The Honda Accord, America’s most dependable appliance on four wheels, is about to get something it hasn’t had in years: actual design ambition. Gary Robinson, Honda America’s head of product planning, told Automotive News the upcoming mid-cycle refresh “will feel like a new model” that has been “substantially redesigned.” His exact words on the scope of changes: “pretty major.”
That’s unusually strong language from a Honda executive describing a refresh, not a full redesign.
Sources say the updated Accord will draw styling cues from Honda’s wedge-shaped 0 Series electric sedan, featuring slimmer headlights, new taillights, a reworked grille, and a completely revamped rear end. The goal is a modern, futuristic design that bridges Honda’s combustion present and its EV ambitions. The car is expected at dealers in the second half of 2027.
The timing is not accidental. General Motors is preparing to launch a wave of new car-based models around the same period, and the Toyota Camry already leapfrogged the Accord in visual presence with its latest generation. Honda’s mid-sizer has been losing the showroom beauty contest for two years running.

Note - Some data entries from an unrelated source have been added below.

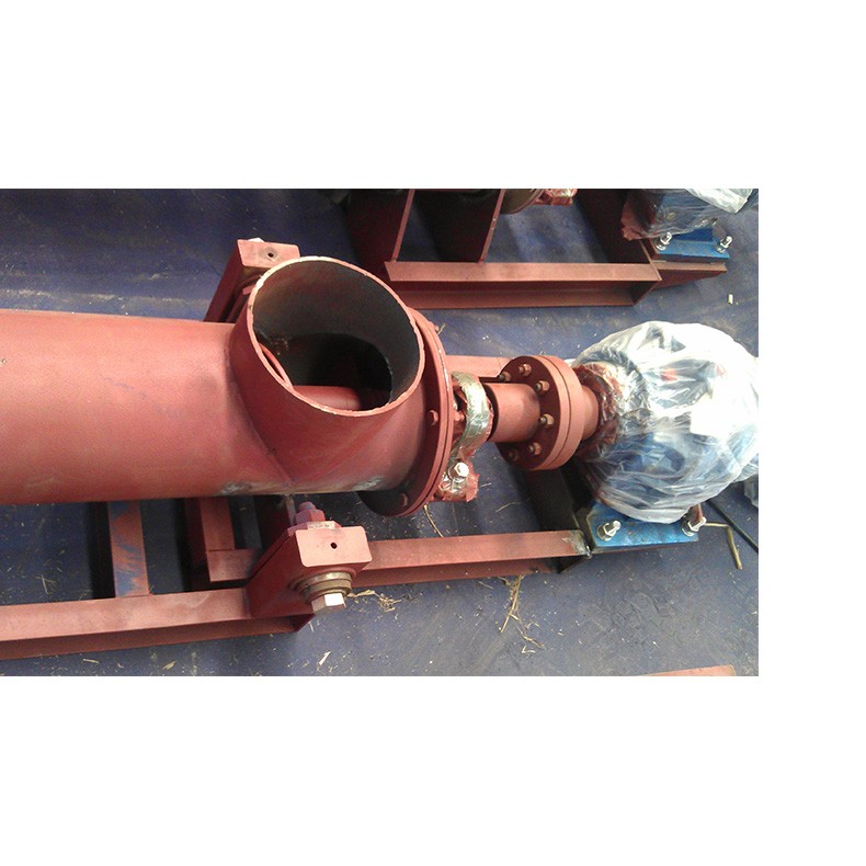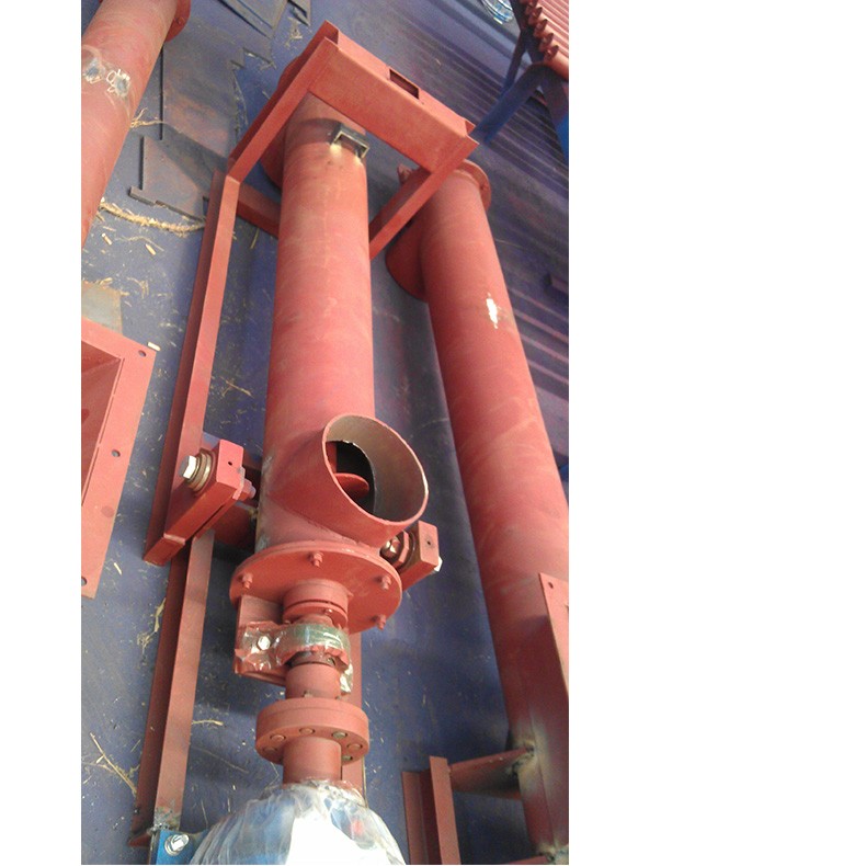 3 、各傳動部位均采用浮動連接方式,吊軸承為萬向節結構,使螺旋體,吊軸承和尾部總成形成一個整體旋浮體,在一定范圍內可隨輸送阻力自由旋轉避讓,不卡料,不堵料。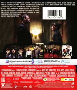 Sony’s Blu-ray release looks and sounds great. The picture is clean and crisp throughout, even in some of the darker sequences. There is an excellent level of detail in faces and textures, helping to increase the brutality of the fight sequences. The audio track captures all the grunts and thuds, helping to really sell these fight sequences. There is also some nice use of the surround channel to make the film more immersive, whether it be the sounds of the crowd, or just the ambient noise of the city. Unfortunately, the release doesn’t include any supplemental material, except for trailers for three other Sony releases. It’s a bit disappointing as some behind-the-scenes look at how the fights were choreographed and filmed would have been quite interesting. The Blu-ray disc resides in a standard HD keepcase without a slipcover. An insert provides instructions on how to redeem an HD digital copy of the film.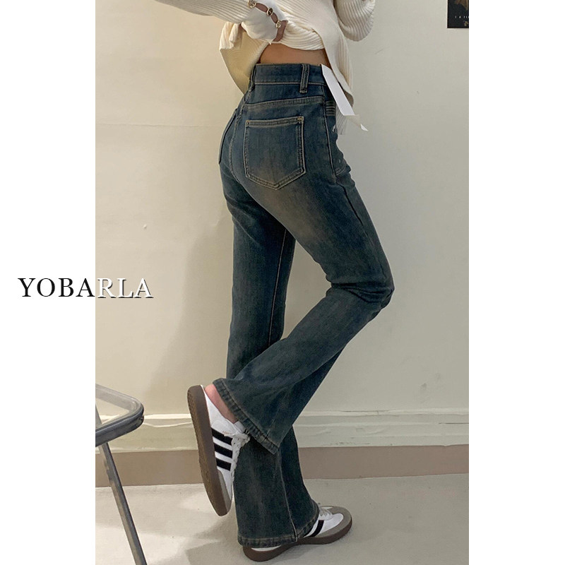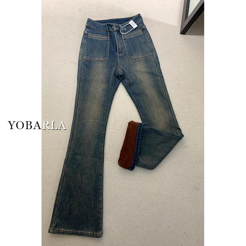 复古微喇牛仔裤女秋冬加绒胖mm大码显瘦梨形身材弹力喇叭马蹄裤子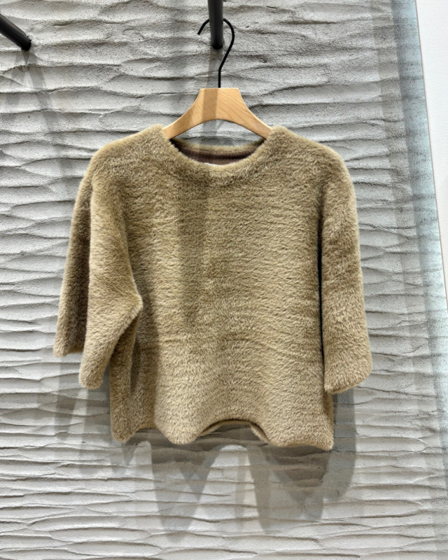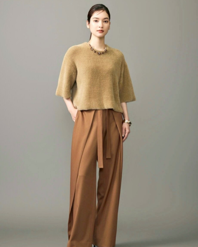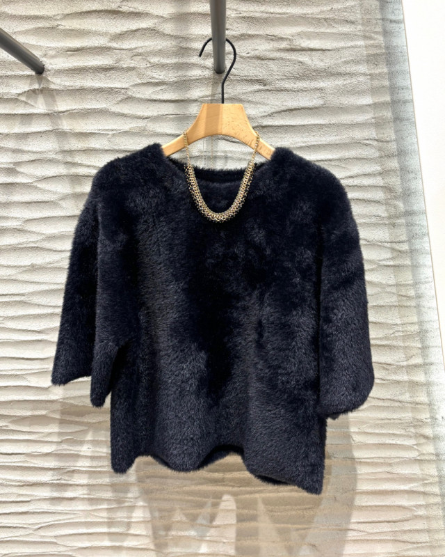 ふわふわとした毛足のある素材が印象的なニット

Robinson offered a telling insight into who still buys sedans in 2025. “People who buy sedans now buy them because they love sedans,” he said. “They tend to be more oriented toward sporty designs.” The casual sedan buyer defected to crossovers long ago, and the ones who remain are enthusiasts of the form who want something that looks like it deserves their loyalty.

Inside, the refreshed Accord will reportedly get a larger infotainment screen while preserving the driver-focused cockpit layout that has been a quiet strength of the current car. Under the skin, expect the existing powertrain lineup to carry over largely unchanged. Honda may graft in the S+ Shift system from the new Prelude, which sharpens the hybrid’s simulated shift points to deliver something closer to a conventional transmission feel.
Here’s the paradox Honda is navigating: Accord sales are up nearly 30 percent this year despite the bland styling everyone acknowledges. High gas prices and affordability concerns are pushing buyers back toward efficient sedans, and the Accord remains a deeply rational choice. So Honda is updating a car that’s already selling well, betting that stronger design will protect those gains as competition intensifies.
The Accord isn’t the only Honda getting a testosterone injection. The Passport, which launched a boxier, more rugged look for 2026 to immediate success, will reportedly get further tweaks including additional ride height and suspension changes for an even more aggressive stance. The off-road-oriented TrailSport trim already accounts for a majority of Passport sales, a signal Honda reads clearly.
Robinson described the Passport’s direction with vocabulary you don’t typically hear from Honda’s planning department: “more testosterone,” “more masculine.” It’s a deliberate pivot for a brand that has historically sold restraint and refinement.
Honda plans to keep the current-generation Accord alive through the end of the decade, which means this refresh needs to carry the car for at least three more years against freshened rivals. Borrowing design language from the 0 Series is a clever hedge. It makes the Accord look forward without requiring the investment of a clean-sheet redesign, and it subtly familiarizes buyers with Honda’s electric design direction before they ever have to consider an EV.
The underlying bet is straightforward. Sedans aren’t dead; they’re just being bought by pickier customers who won’t settle for anonymous styling. Honda heard them. Whether the execution matches the executive rhetoric is a question for late 2027.